Bomber co-operated in execution that was as clinical as it was brief

I have not winced nor cried aloud.

I have not winced nor cried aloud.

Under the bludgeonings of chance

My head is bloody, but unbowed.

He did not wince. Prison officials said he was "entirely co-operative" as he was taken from his final cell to the chair where he helped them to strap him down. Timothy McVeigh was determined to die as he saw himself, a soldier fighting a war.

READ MORE

Perhaps, though, there was a moment of doubt. Afraid that his voice might falter, he chose not to speak his final words and asked the warden to distribute instead the text of a melodramatic 19th-century hymn to the human spirit, William Henley's Invictus.

And although he has consistently refused spiritual advice, McVeigh did receive the last rites before the execution.

Media witnesses say the execution at the federal penitentiary in Terre Haute, Indiana, the first federal execution in 38 years, was as clinical as it was brief.

As the curtain in the execution room pulled back at 7.06 a.m., a silent McVeigh, wearing a white T-shirt, with a white sheet pulled up to his shoulders, lifted his head from the bed to make eye contact with and nod to each of his five witnesses and then the 10 journalists selected by ballot.

Finally he glanced at the tinted screen that hid the 10 representatives of his victims.

"There was no sign of suffering, no sign of discomfort, no sign of fear," CBS reporter Byron Pitts, one of the press pool, said later.

Then Warder Harley Lappin said: "Timothy McVeigh, you may make a last statement." There was no response.

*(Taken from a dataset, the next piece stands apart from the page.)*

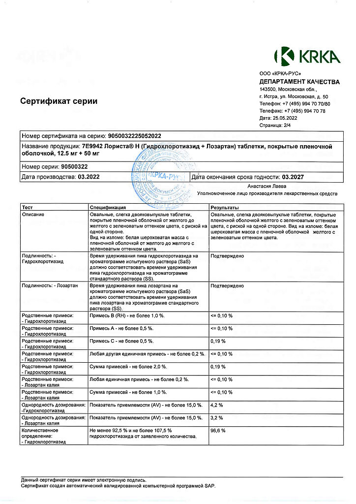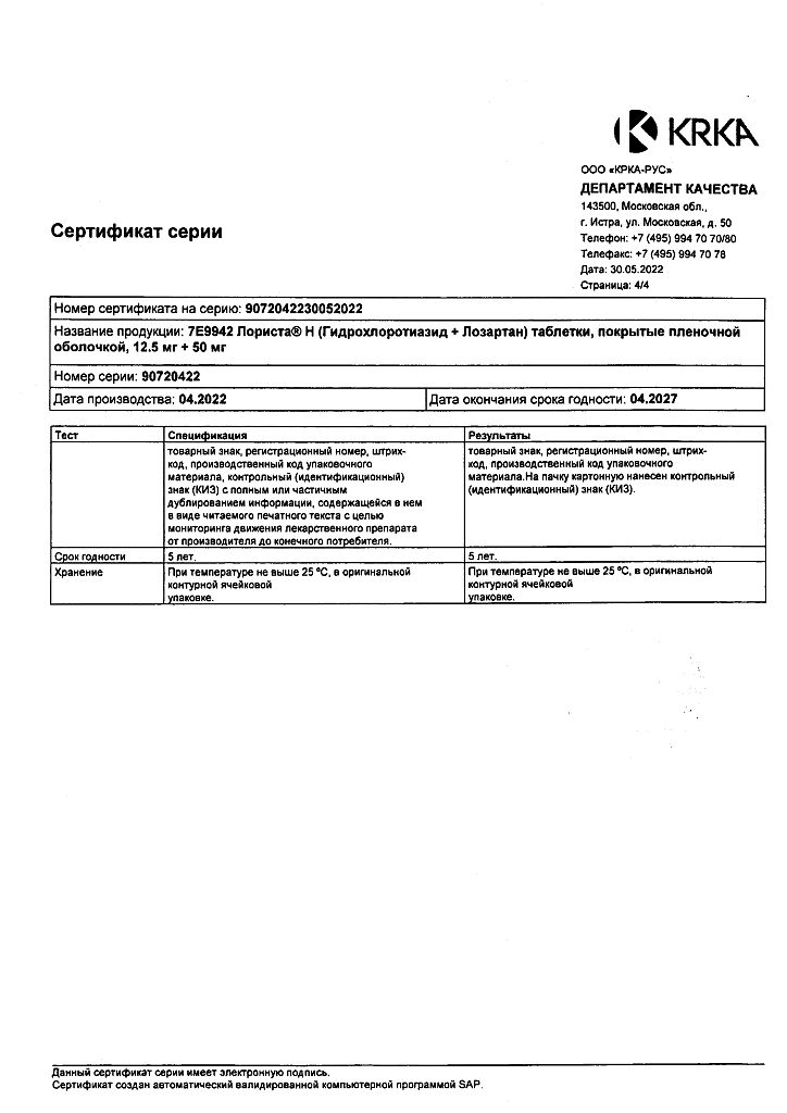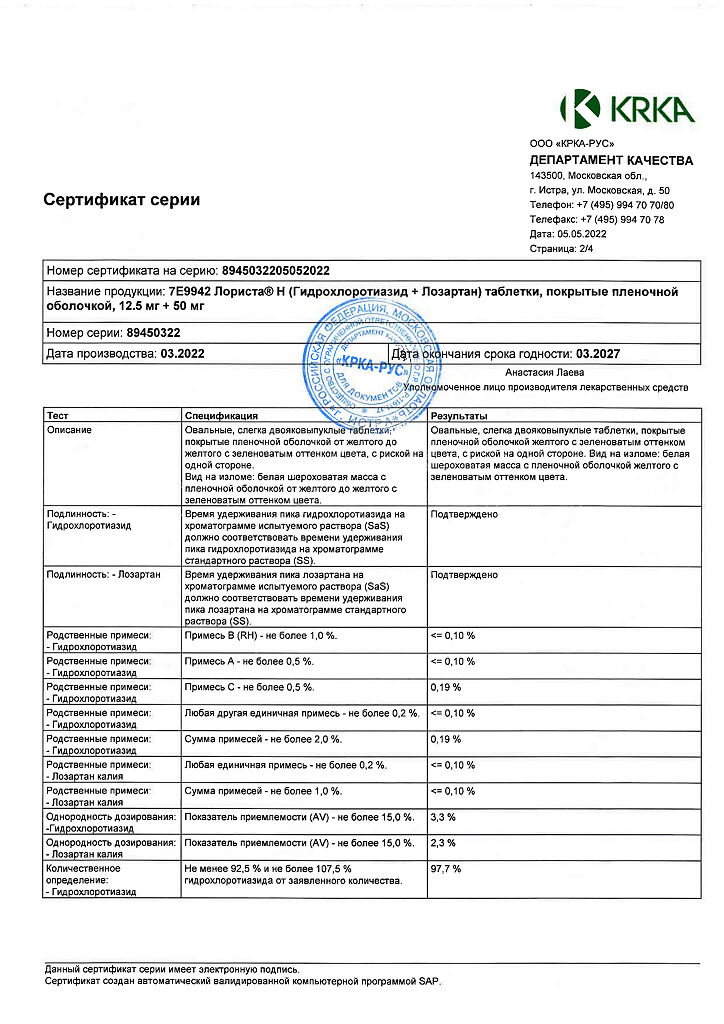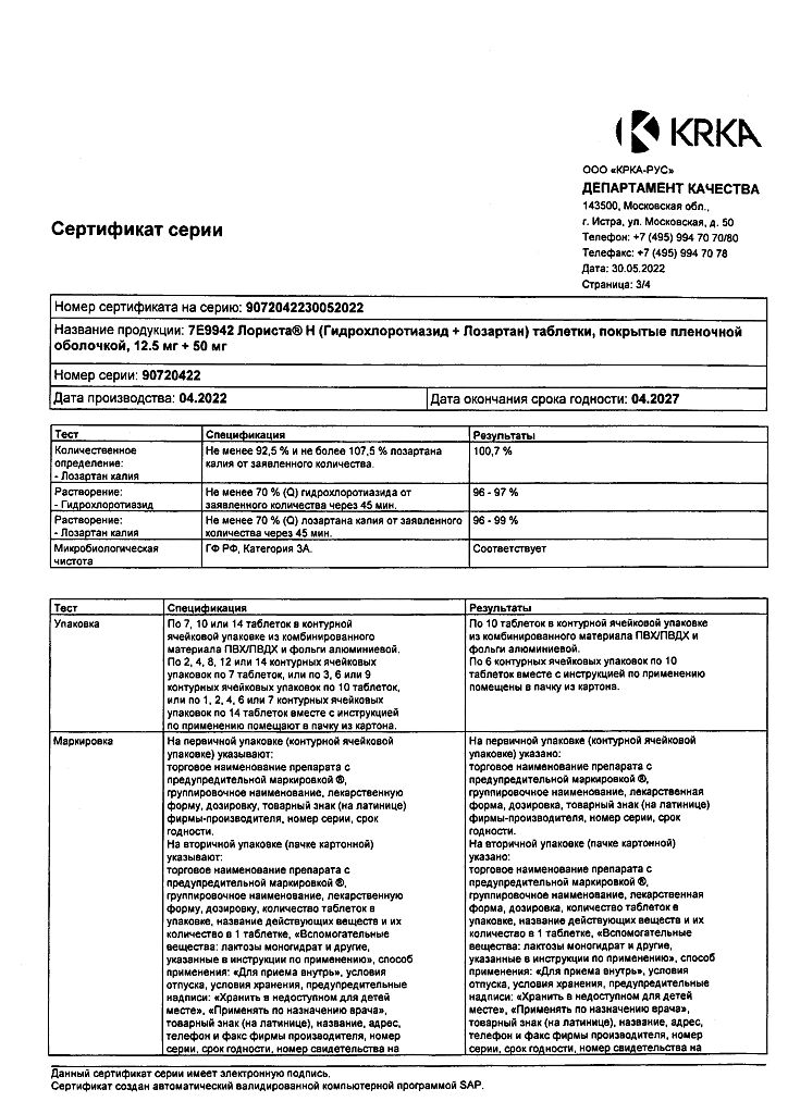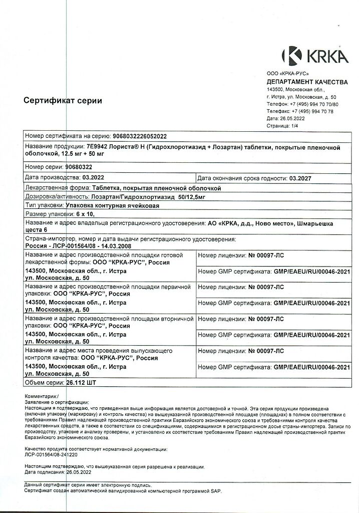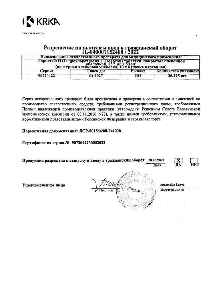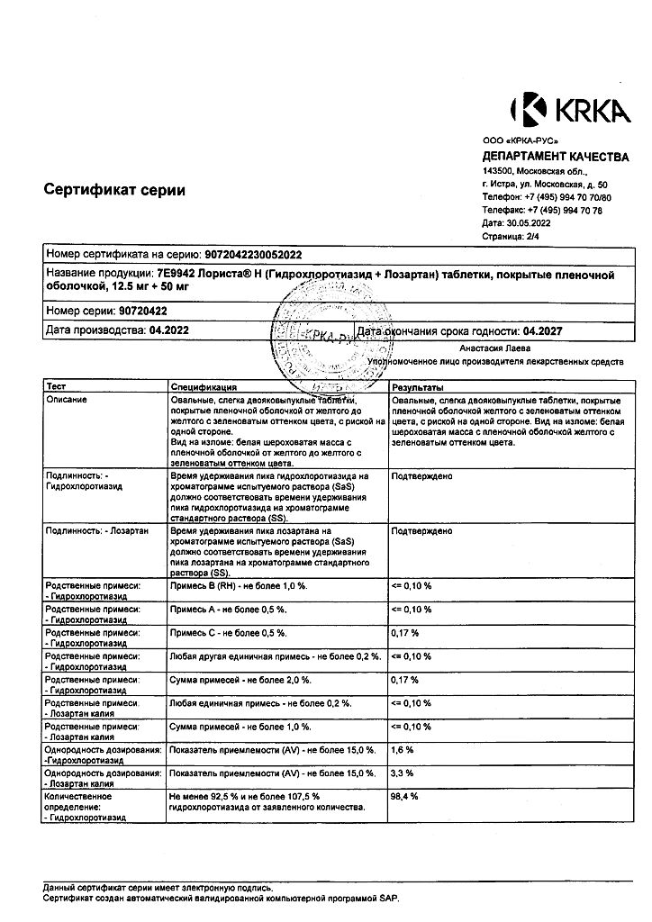 Документы Лориста Н таблетки покрыт.плен.об. 12,5 мг+50 мг 60 шт

Then he turned his head away, looking up to the camera in the ceiling that was relaying the execution to Oklahoma, where 232 other victims and their families watched over a secure link.

"That was the hardest moment," one of that group, Mrs Doris Jones, told journalists later. "We were looking in the face of evil."

At 7.10 a.m. the first of three injections was administered through a line attached to McVeigh's right leg. A rigid McVeigh appeared to gulp a couple of times before his taut lips relaxed and his eyes rolled back.

He would not move again. With the final drug administered at 7.13 a.m., his face became more pallid, his still-open eyes glassy.

At 7.14 a.m. Warder Lappin pronounced Timothy McVeigh dead.

His body will be handed over to his lawyer, Mr Robert Nigh, for cremation and then secret disposal.

Outside more than 1,000 accredited journalists crowded round a podium where their 10 colleagues described the scene in the death chamber moment by moment and victims queued to give their version to TV.

Ms Sue Ashford (58) struck a particularly strident note in saying she was elated. "It was wonderful for me," she said.

Others, however, were less triumphalist. Ms Fran Ferrari said she was "just satisfied it was over".

Mr Larry Whicher, whose brother died, said the execution was "not going to bring closure, but unless we had been through this we might never get closure." The justice system had been tough but fair with Timothy McVeigh, he said.

Segregated carefully from the families, a group of some 200 held a silent vigil in memory of the victims but in protest against the execution.

Death penalty supporters chanted "Die, McVeigh, die" and "This is for Oklahoma City".

In Oklahoma small crowds gathered at the outdoor memorial to the bombing, a field of 168 chairs, where families were able to remember individual loved ones.